- Born: January 5, 1990 (age 36) Bethesda, Maryland, United States
- Other names: Son Of Fire
- Height: 6 ft 0 in (1.83 m)
- Weight: 135 lb (61 kg; 9 st 9 lb)
- Division: Bantamweight
- Reach: 73.0 in (185 cm)
- Stance: Southpaw
- Fighting out of: Houston, Texas
- Team: Revolution Dojo
- Years active: 2009–present

Mixed martial arts record
- Total: 12
- Wins: 8
- By knockout: 2
- By submission: 4
- By decision: 2
- Losses: 3
- By decision: 3
- No contests: 1

Other information
- Mixed martial arts record from Sherdog

= Domingo Pilarte (fighter) =

American mixed martial arts fighter

Domingo Pilarte (born January 5, 1990) is an American mixed martial artist who competed in the Bantamweight division of the Ultimate Fighting Championship.

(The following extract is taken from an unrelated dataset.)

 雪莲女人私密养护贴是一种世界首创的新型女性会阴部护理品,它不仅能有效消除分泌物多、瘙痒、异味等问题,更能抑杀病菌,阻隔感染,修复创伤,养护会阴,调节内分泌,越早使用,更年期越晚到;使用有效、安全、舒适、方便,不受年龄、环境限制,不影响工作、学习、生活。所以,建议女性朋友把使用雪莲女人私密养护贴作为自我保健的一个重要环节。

==Mixed martial arts career==

===Early career===
Starting his professional career in 2009, Pilarte compiled a 7–1 record fighting out of promotions in the Houston area, culminating with Pilarte winning a razor thin split decision to current UFC bantamweight Adrian Yañez at LFA 7.

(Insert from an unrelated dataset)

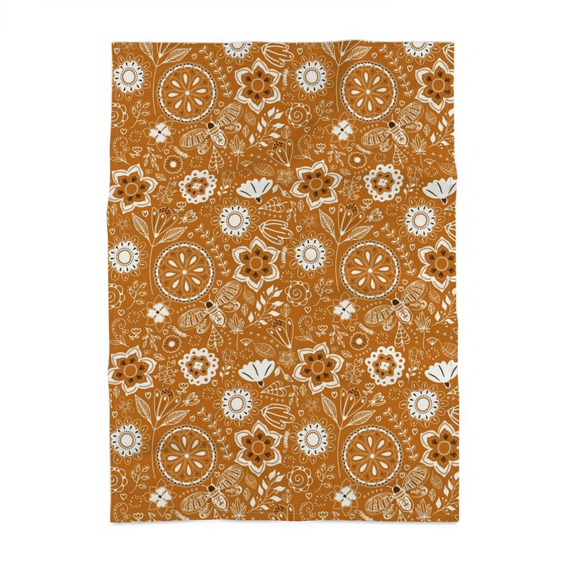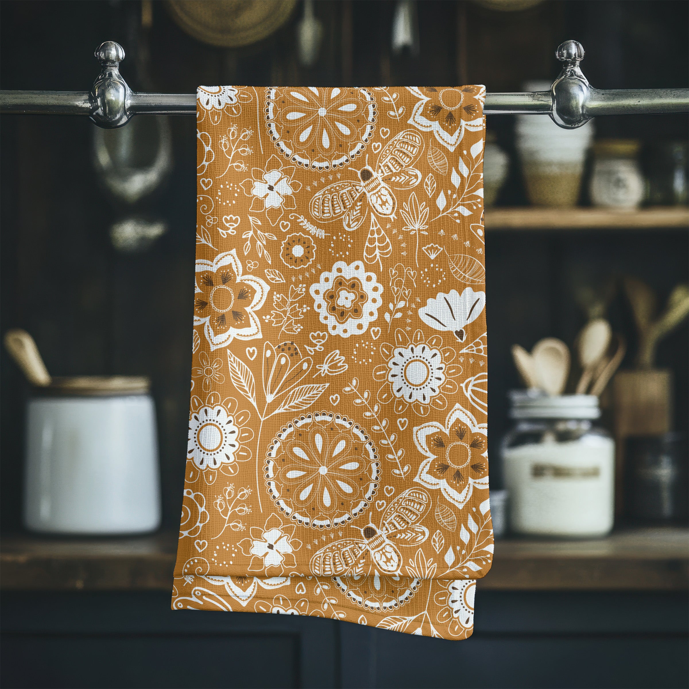 Hand drawn flowers in a lovely warm orange color. Perfect for the fall kitchen and looks so cozy next to that bowl of caramel apples!

Pilarte faced Vince Morales on July 17, 2018 at Dana White's Contender Series 13. He won the fight via technical submission with a rear-naked choke and secured a contract with the UFC.

===Ultimate Fighting Championship===
Pilarte was scheduled to face Brian Kelleher on November 3, 2018 at UFC 230. Pilarte was forced to withdraw from the bout, citing an injury.

Pilarte made his UFC debut against Felipe Colares on July 20, 2019 at UFC on ESPN: dos Anjos vs. Edwards. He lost the fight via split decision.

Pilarte next faced Journey Newson at UFC 247 on February 8, 2020. He lost the fight via TKO within the first minute of the fight. However, on March 25, it was announced by the Texas Department of Licensing and Regulation (TDLR) that Journey Newson tested positive for marijuana in in-competition drug tests. The fight was subsequently overturned to a no contest.

Pilarte faced Brian Kelleher on August 21, 2021 at UFC on ESPN: Cannonier vs. Gastelum. He lost the fight via unanimous decision.

On February 10, 2022, it was announced that Pilarte was released by the UFC.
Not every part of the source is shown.